2024-09-08T13:50:08.712364154Z [2024-09-08 16:50:08] debug:     zh:controller:endpoint: Error: ZCL command 0x00124b00259aa8d0/8 genBasic.read(["zclVersion"], {"timeout":10000,"disableResponse":false,"disableRecovery":true,"disableDefaultResponse":true,"direction":0,"reservedBits":0,"writeUndiv":false}) failed (SRSP - AF - dataRequest after 6000ms)
2024-09-08T13:50:08.712384320Z     at Object.start (/app/node_modules/zigbee-herdsman/src/utils/waitress.ts:59:23)
2024-09-08T13:50:08.712387080Z     at /app/node_modules/zigbee-herdsman/src/adapter/z-stack/znp/znp.ts:300:45
2024-09-08T13:50:08.712389245Z     at Queue.execute (/app/node_modules/zigbee-herdsman/src/utils/queue.ts:36:26)
2024-09-08T13:50:08.712391411Z     at Znp.request (/app/node_modules/zigbee-herdsman/src/adapter/z-stack/znp/znp.ts:291:27)
2024-09-08T13:50:08.712393557Z     at ZStackAdapter.dataRequest (/app/node_modules/zigbee-herdsman/src/adapter/z-stack/adapter/zStackAdapter.ts:1201:24)
2024-09-08T13:50:08.712395752Z     at ZStackAdapter.sendZclFrameToEndpointInternal (/app/node_modules/zigbee-herdsman/src/adapter/z-stack/adapter/zStackAdapter.ts:446:46)
2024-09-08T13:50:08.712398067Z     at /app/node_modules/zigbee-herdsman/src/adapter/z-stack/adapter/zStackAdapter.ts:380:25
2024-09-08T13:50:08.712400231Z     at Queue.execute (/app/node_modules/zigbee-herdsman/src/utils/queue.ts:36:26)
2024-09-08T13:50:08.712402356Z     at ZStackAdapter.sendZclFrameToEndpoint (/app/node_modules/zigbee-herdsman/src/adapter/z-stack/adapter/zStackAdapter.ts:378:27)
2024-09-08T13:50:08.712404589Z     at Request.func (/app/node_modules/zigbee-herdsman/src/controller/model/endpoint.ts:296:36)

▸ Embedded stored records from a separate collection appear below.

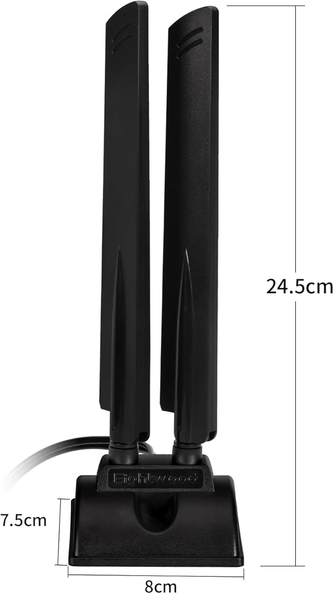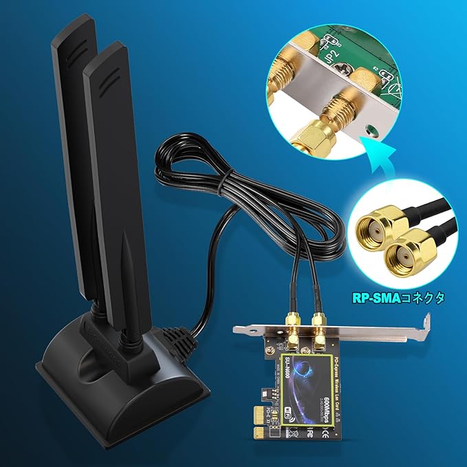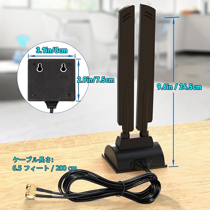 注2:このアンテナには、RP-SMAオスコネクタ(メスネジ、センターピンなし)が2つあり、RP-SMAメスコネクタポート(オスネジ、センターピンあり)と互換性があります。ご注文前に、お使いのコンピューターのWi-Fiカードまたはデバイスのコネクタタイプをご確認ください。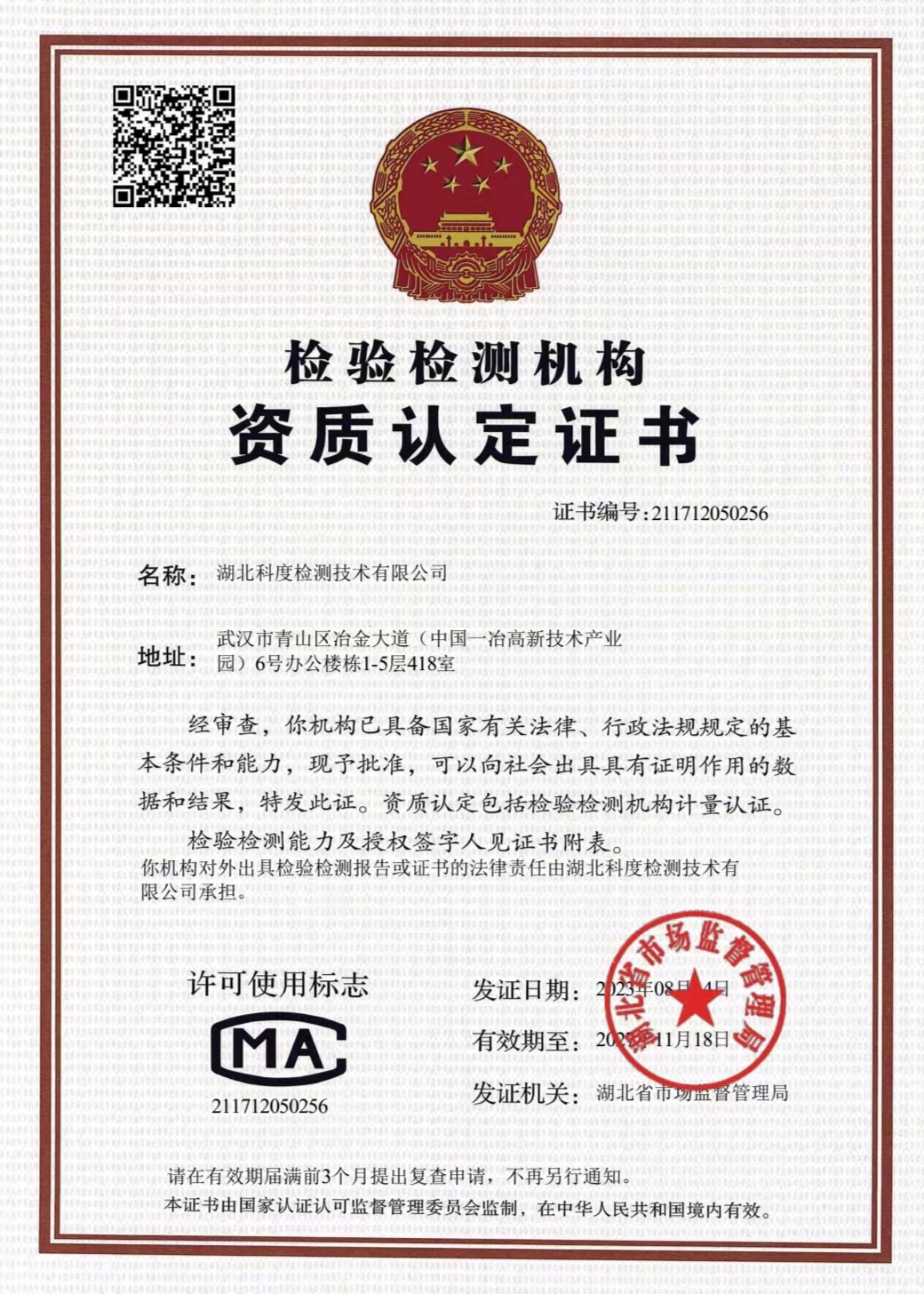 湖北科度檢測技術(shù)有限公司是一家專業(yè)從事環(huán)境類及相關(guān)領(lǐng)域檢測的第三方檢測機構(gòu),公司已通過湖北省市場監(jiān)督管理局CMA計量認證,可以面向社會出具權(quán)威CMA檢測報告。 我公司實驗室嚴格按照國家標準建設(shè),擁有一大批國內(nèi)外先進儀器設(shè)備及現(xiàn)代化配套設(shè)施,并有經(jīng)驗豐富的中高級專業(yè)技術(shù)人員和嚴格的實驗室質(zhì)量保證體系為項目運作提供強力支撐。 作為第三方檢測機構(gòu),公司始終以高度的社會責任感經(jīng)營企業(yè),以“公正、嚴謹、高效”為宗旨,依托專業(yè)的技術(shù)實力為客戶提供專業(yè)優(yōu)質(zhì)檢測服務,受到政府、企業(yè)和社會各界的廣泛關(guān)注和認可。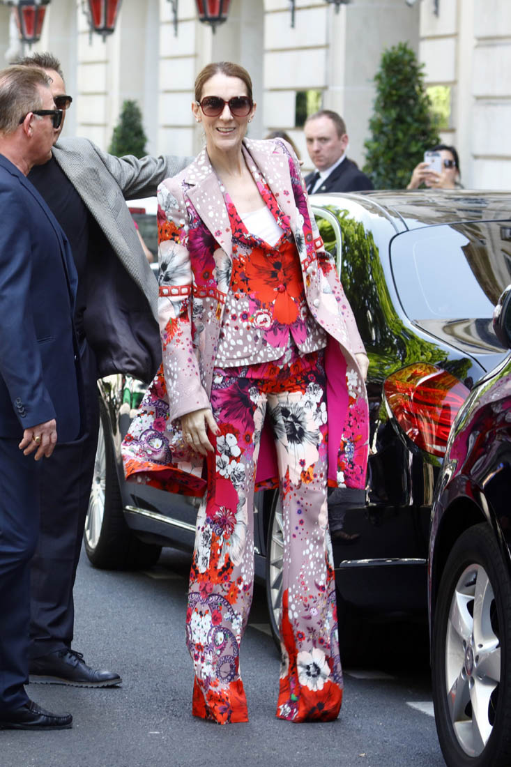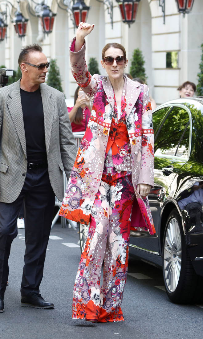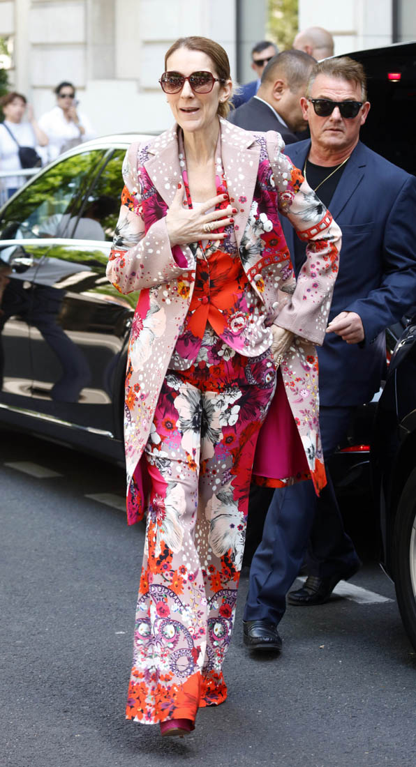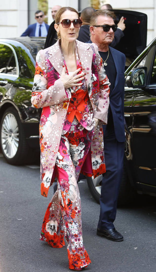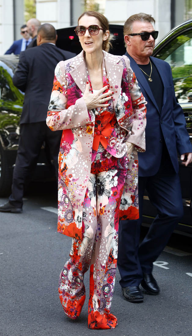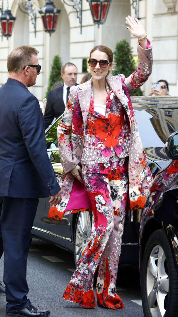 Celine is back in Paris now. She kicks off her European tour tomorrow in Copenhagen. Before that, though, a trip to the fashion capital first, naturally. And, naturally, she brought the fashion porn. Yesterday it was a dramatic all-black floor-length tuxedo jacket over a turtleneck to go to the ballet and I am sick, so sick with desire for this outfit I would have thrown myself at her if I was there to see it in person. Today she stepped out in head to toe florals, waving to her public, reliably and always on performance mode. Why is it that we can stand it from some and not at all from others? Probably because, with Celine, we’ve rarely seen someone so committed. She’s never NOT been this way. I don’t think Celine could be “aloof” if she tried. And trying is not her problem. It’s just not in her to not be totally, overwhelmingly in her feelings at all times, even when feelings aren’t really necessary.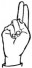 На ћирилици написано АНДРИЈА БАИНОВИЋ састоји се из 15 слова [?]. Исписано ћириличном једноручном азбуком за глувонеме: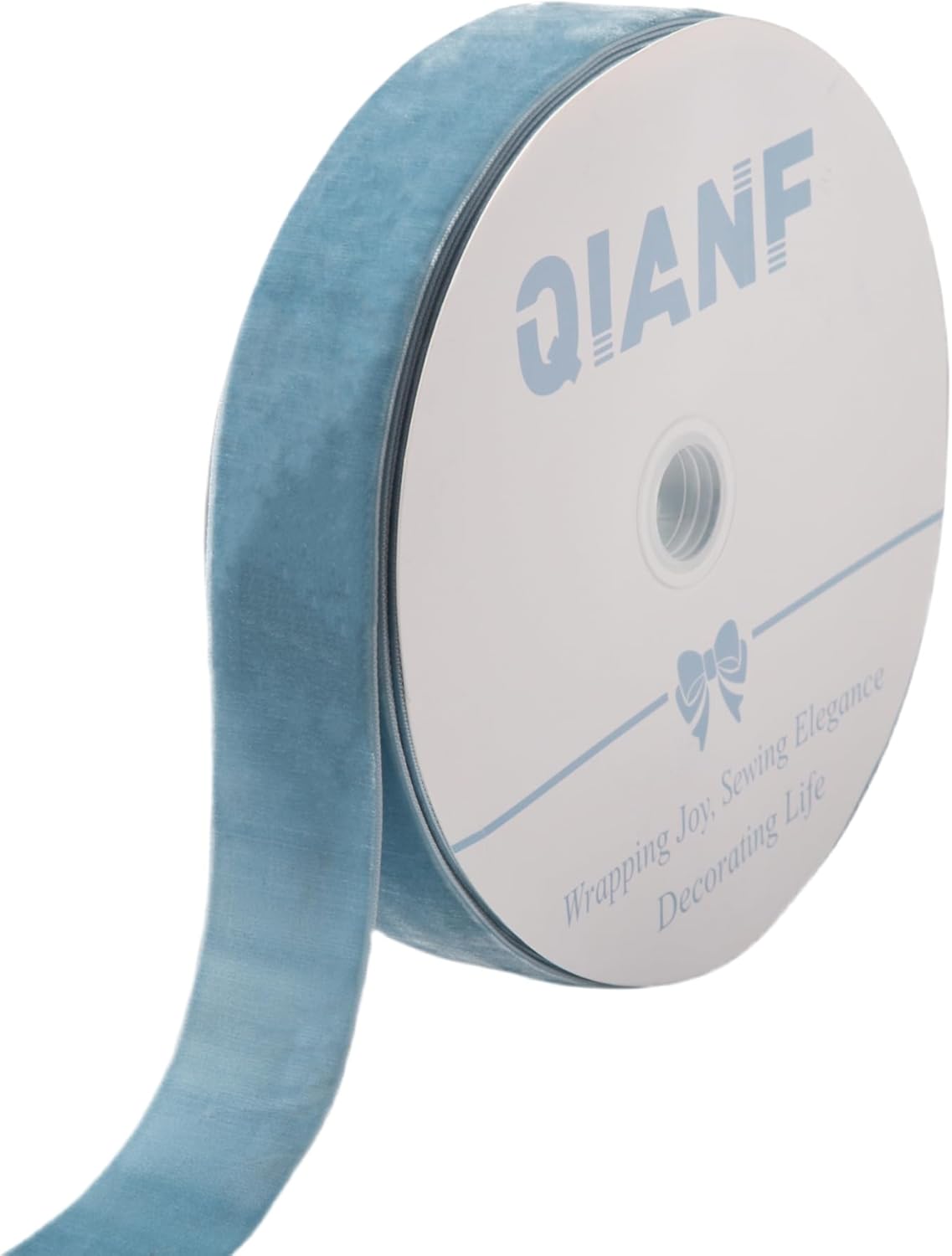Vintage Dusty Blue Velvet Ribbon Christmas Ribbon for Gift Wrapping Crafts Christmas Tree Ornaments Garland Decorations, 1-1/2 Inch X 25Yd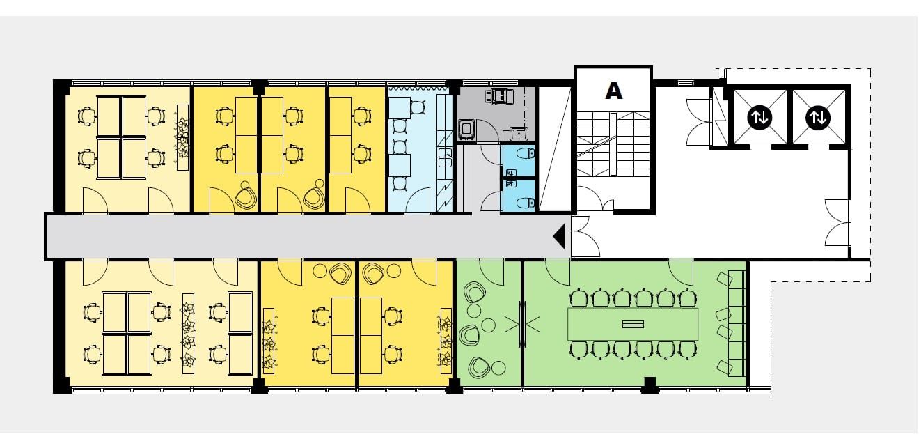 Tällä hetkellä tila on pääosin huonetoimistona ja neuvotteluhuoneina. Seuraavan käyttäjän niin toivoessa tila on mahdollista muokata kokonaan tai osittain myös avotilaksi tai isommiksi tiimihuoneiksi. Oma keittiö ja kaksi wc-tilaa sekä suihku.

after these, my light bulbs and smart plugs + the router all dropped, bringing down the entire zigbee network

with a container restart, the zigbee network is back online.. until the next time (between 5mins and 8h)

image

im using Slaesh Zigbee 3.0 USB Stick (i have two of them, one coordinator and one router. i switched them around to rule out a hardware issue. the problem happens on both

Koenkk commented 2 months ago

@Barneybaer84 does the issue also happen when you keep the devices really close to the coordinator? Z2M tries to reach it but fails, could indicate an issue with one of the routers

@rursache does the issue still happen with the availability feature disabled? Did the 20221226 firmware work?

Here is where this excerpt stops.